- Directed by: Michael Grecco
- Written by: Charles Holland
- Produced by: Charles Holland
- Narrated by: Michael Grecco
- Cinematography: Peter Blaha; Kevin González; Ken Kobre;
- Edited by: Jeremy Troy
- Music by: Jens Funke; Josef Peters;
- Production companies: KHG Productions; Lantern Lane Entertainment;
- Distributed by: Lantern Lane Entertainment
- Release date: April 30, 2009 (United States);
- Running time: 81 minutes
- Country: United States
- Language: English

= Naked Ambition: An R Rated Look at an X Rated Industry =

Naked Ambition: An R Rated Look at an X Rated Industry is a 2009 American documentary film written by Charles Holland and directed by Michael Grecco based upon the Grecco's third portrait photography book by the same name.

In both the documentary and his book, Grecco sets out to capture the energy and spirit of the AVN Awards and convention where American pornography is displayed, celebrated, and honored.

==Film==
A documentary based on the shooting for the book and directed by Michael Grecco premiered in April 2009. The film was a production by Lantern Lane Entertainment in association with KHG Documentary.

===Partial cast===

- Michael Grecco
- Tera Patrick
- Evan Seinfeld
- Heather Veitch
- Jesse Jane
- Paul Fishbein
- Sunny Lane
- Joanna Angel
- Nautica Thorn
- Rob Rotten
- Luc Wylder
- Alexandra Silk
- Janine Lindemulder
- Julia Ann
- Peter North
- Randy West
- Steve Hirsch
- Brittney Skye
- Greg Fitzsimmons
- Evan Stone
- Stormy Daniels
- Ron Jeremy
- Mary Carey
- Paul Thomas
- Jenna Jameson
- Larry Flynt
- Cytherea

==Book==
Containing over 200 photographs of actors, filmmakers and personalities in the world of adult entertainment, it is published by Rock Out Books (ISBN 0979331404).
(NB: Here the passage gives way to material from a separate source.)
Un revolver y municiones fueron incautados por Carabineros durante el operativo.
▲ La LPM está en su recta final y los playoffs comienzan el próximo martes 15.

Grecco photographed his subjects during the 2006 AVN Adult Entertainment Expo in Las Vegas, the convention which surrounds the annual AVN Awards. The book's forewords, written by rock musician Dave Navarro and Hustler magazine editor Larry Flynt, discuss modern culture's acceptance of pornography into the mainstream, which allows an overtly sexual work like this to be considered a coffee table book.
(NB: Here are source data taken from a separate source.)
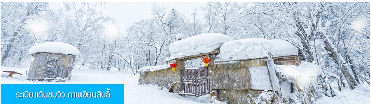
ระเบียบเดินชมวิว ภาพเขียนสิบลี้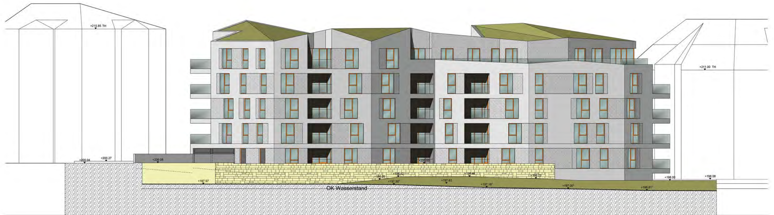
Ansicht Süd - Strasse des Friedens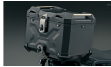
Aluminium-Topcase 38 L 93100-25860-000 Das Aluminium-Topcase mit geprägtem Suzuki Logo ist immer die richtige Wahl. In Kombination mit Trägerplatte (p/n 93800-25850-000), 2 Schlösser erforderlich (p/n 95700-25810-000). Zwei Farben verfügbar: Silber: Eloxiiert / Schwarz: Pulverbeschichtet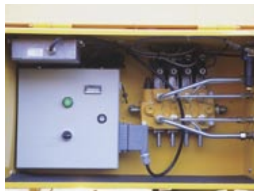
Styrskåpet med mottagare till radiostyrning.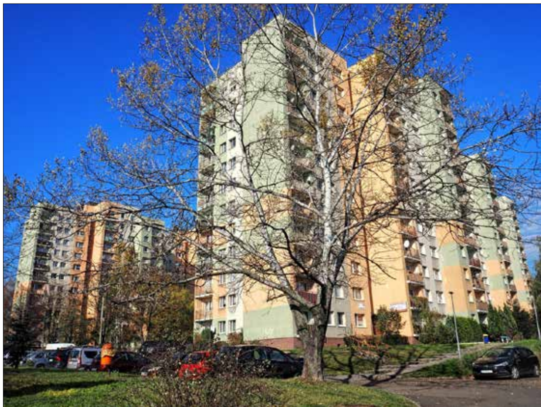
Budynki Katowickiej Spółdzielni Mieszkaniowej przy ul. Józefowskiej. Dobry przykład budownictwa wielkopłytowego

W trwającej długo (nieoficjalnej i oficjalnej) kampanii przedwyborczej do Sejmu i Senatu rywalizujące partie prześcigały się w coraz to innych propozycjach rozwiązania nękającego nasz kraj niedostatku mieszkań. Wcześniejsze, propagandowo hucznie ogłaszane, programy wspierania budownictwa mieszkaniowego kończyły się kląpą. „Mieszkanie dla młodych”, „Mieszkanie plus” a nawet niektóre TBS-y, okazały się fiaskiem i ich rządowi lanserzy musieli się przyznać do nierealności zapowiedzi i rozdętych obietnic. Z punktu widzenia spółdzielczości mieszkaniowej pomijanie jej w oficjal-

Included among the portrait subjects are Larry Flynt, Jenna Jameson, Ron Jeremy, Chi Chi LaRue, Tera Patrick, Alexandra Silk, Katsuni, Dana DeArmond, Sunny Lane, Kurt Lockwood, and Michelle Aston. Uncommon in pornography-related works, the photographs do not seem to have been altered with any significant image editing or photo manipulation, thus avoiding the layer of fantasy usually applied to actors in this field.

The book was edited by former RIP magazine editor Lonn Friend and former FHM editor Rob Hill.

===Reception===
Variety wrote "In contrast with Grecco’s evocative photos, his film is scattered and platitudinous, skimming the surface of his subjects and betraying his high-art aspirations with a shallow E! aesthetic. Reliable interest in the subject matter should land the film, which opens theatrically May 1, a home on an adventurous cabler, though such a contentious substratum of American culture deserves more thoughtful treatment."
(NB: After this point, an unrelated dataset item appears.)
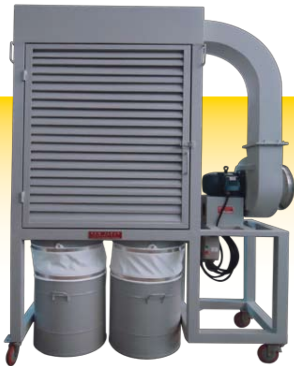
Modelo Taka - Tipo Peroba 150/200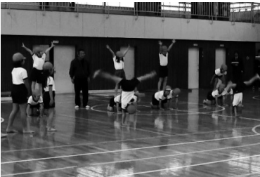
それー、宝島に出発だぁ

The Hollywood Reporter wrote that "Grecco's book is filled with stunning portraits and nicely captures his subjects' personalities", but it was felt the film was too tame and seemed more an extended infomercial for the book.

DVD Verdict made note that Grecco appears to "play the pornography-as-free-speech card," in his depicting pornography as "just regular folks who express themselves through public fornication." The reviewer wrote "the fact that Grecco glosses over the negatives of a business rife with them makes his documentary disingenuous—and worse, boring." It was concluded "in the end, Naked Ambition is as dreary and pedestrian as its punny title. Consenting adults or not, Grecco's subjects are fringe players who doth protest way too much about the wonderfulness of the porn industry, but their rah-rah cheerleading in support of it is more sorry than celebratory."